Kashmir: The Violence in Silence

Guest Post By Maknoon Wani

“I need a toy and a new dress for Eid.”

Requests and tantrums like these are heard around Eid in every Kashmiri household but not this time. It was the 8th day of the government imposed military siege. On 5 August, 2019 the central government unilaterally scrapped the special status(autonomy, imagine that being called special status) of the only Muslim majority state in the union. Thousands were arrested to muzzle any dissent coming out of the agitated population. But seven year old Aairah was worried about her Eid shopping, which was never going to happen. 

How does it happen in the 21st century? How are millions of people house arrested and excommunicated within a few hours? Why are people celebrating a siege? How does this sell as normalcy? I spent many sleepless nights contemplating or rather trying to absorb the sheer cruelty of this situation. A group of students from my college invited me to a cake cutting ceremony which was organized to celebrate this decision. Maybe, their intentions were not so bad but did social convention dictate that a person be invited for the celebration of his misery? The shameless chest-thumping is a spectacle but an indifferent people is a tragedy. 

While I was suffering from this sense of loss and fear, people were celebrating and opining about Kashmir like they knew everything. I was told how good this decision is and how I should be happy. Kashmir, which went incommunicado days ago, was said to be normal. Reports from the foreign press regarding protests in Kashmir were refuted and labelled as western propaganda. Saner voices went more anti-national and pro-government channels got busy in peddling more lies. I, for one, went silent for a few days. Everyone was high on something. Some were planning to buy a plot in Kashmir while others were fantasying about white-skinned Kashmiri girls. History was forgotten, conveniently twisted and occasionally ignored to justify this daylight betrayal.

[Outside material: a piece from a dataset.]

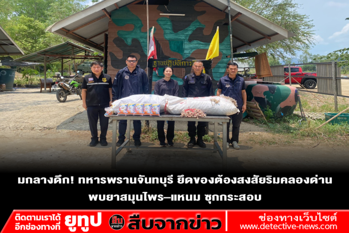 ต่อมาเวลา 03.30 น. เจ้าหน้าที่ตรวจพบกระสอบสีขาวจำนวน 2 ใบ วางอยู่บริเวณ ริมคลองด่าน หมู่ 4 ต.เทพนิมิต อ.โป่งน้ำร้อน จ.จันทบุรี จึงเข้าทำการตรวจสอบ

A radicalized population is dangerous but trying to reason with an intoxicated population is foolishness. After all these days, I thought this silence must not be interpreted as normalcy and more importantly-peace.

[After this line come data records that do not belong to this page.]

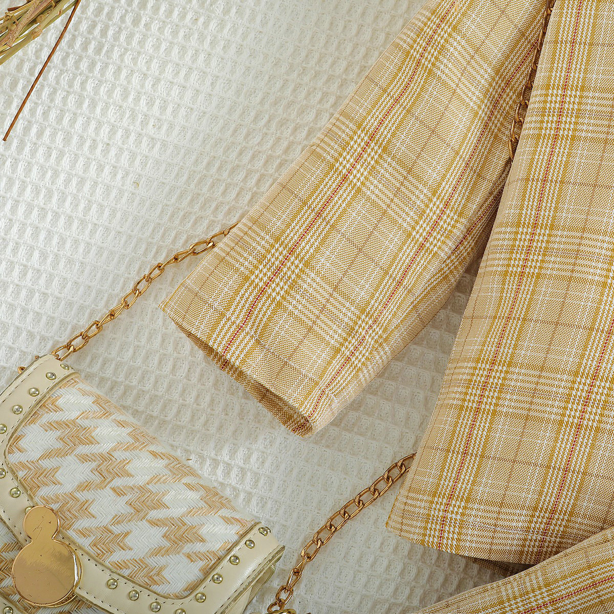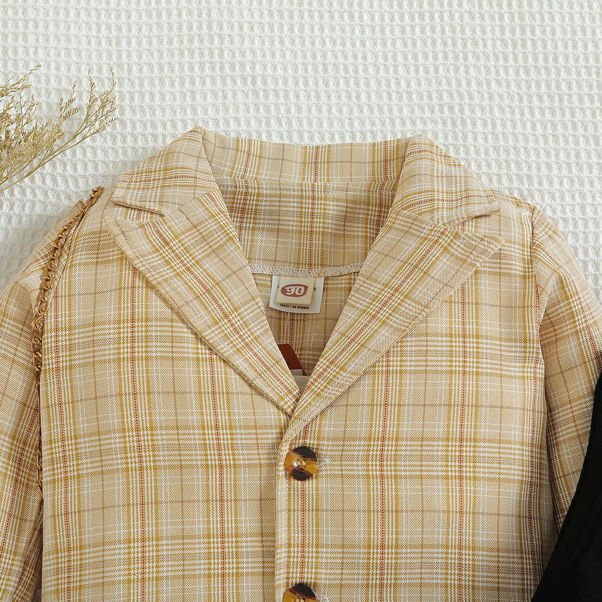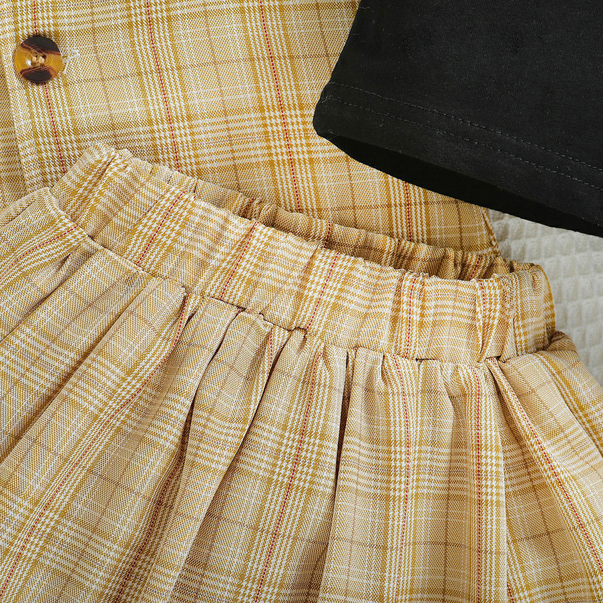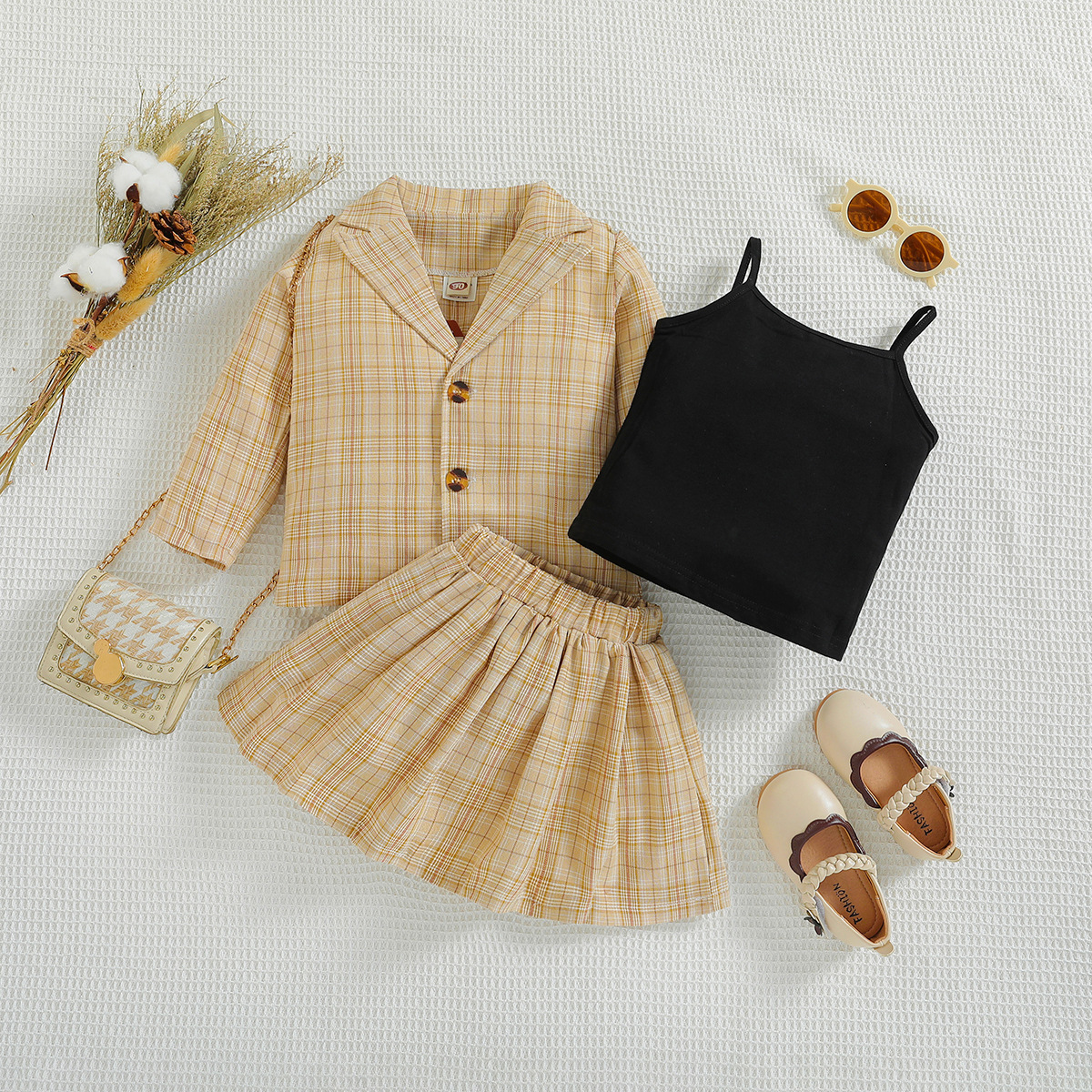국경 간 아동복 소녀 세트 가을 새로운 아기 격자 무늬 세트 재킷 슬링 스커트 어린이 3 종 세트
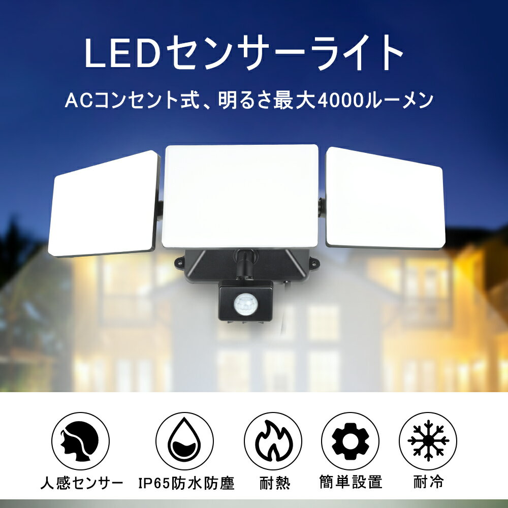 最新型LED センサーライト 屋外 3灯 35W 50W コンセント式 角度調整 壁掛け IP65防水防塵 防犯ライト 2モード 回転式 明るい 3200lm 高輝度 照明 器具 玄関 庭先 駐車場 ガレージ 入口 ベランダ 通路【3年保証】 |
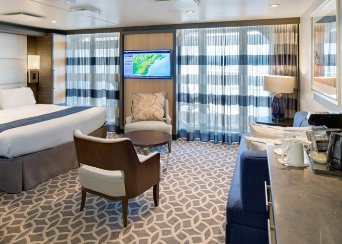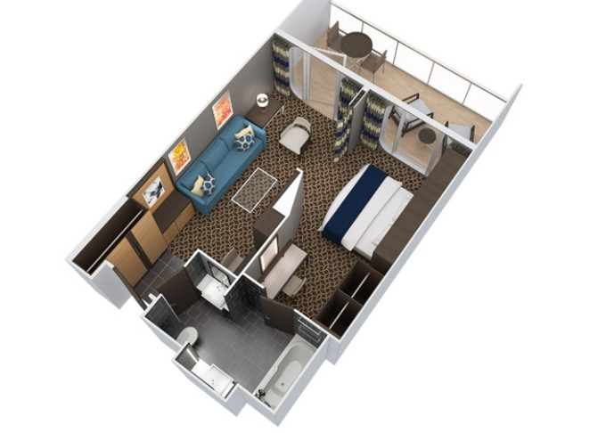 | J3 - Junior Suite s balkonem 25 m² / balkon 7,5 m². Výhody Royal Suite Class. 8/9/10. paluba. Max 4 osoby. | 55 619 Kč 27 809 Kč za osobu | ||

What is happening in Kashmir and to Kashmiris is violence. Why aren’t the children going to schools and why are their playgrounds surrounded with barbed wires? Why aren’t mobile phones working? What is forcing Kashmiris to be silent? Is the mere presence of half a million armed forces not a form of violence? I have to ask these questions because no one else is. As I try to imagine the green meadows of my hometown, I am not able to block that intruding fear of not seeing my family again. The meadows might turn red forever. I see people celebrating this decision like an act of revenge; humanity might be dead forever. The claims of ushering in development and peace have fallen flat but then who wants the truth? A country which cheers the suspension of civil liberties can not be expected to be empathetic towards anyone. The silent mourners will lose fear one day, and this gloom will spread. It is only a matter of time when the monster reaches every door. 

It has been more than 20 days of this extraordinary blackout. We have seen only a few Kashmiri voices in the Indian media. A population needs to be amnesic to forget traumas like this. How can they tire us so much to make us forget our identity. We have survived three mass uprisings. Seven million Kashmiris right now are silently shouldering the coffin of the Indian democracy. The rot has started to reek, but the masks of ignorance have kept people safe. A few hundred landlines have been made operational, and this has been projected as normalcy. Senior anchors are posting videos and pictures(of normalcy) which can put North Korean propaganda to shame. When no one is being allowed to visit Kashmir, not even the Indian opposition leaders, then how can the situation be called normal. 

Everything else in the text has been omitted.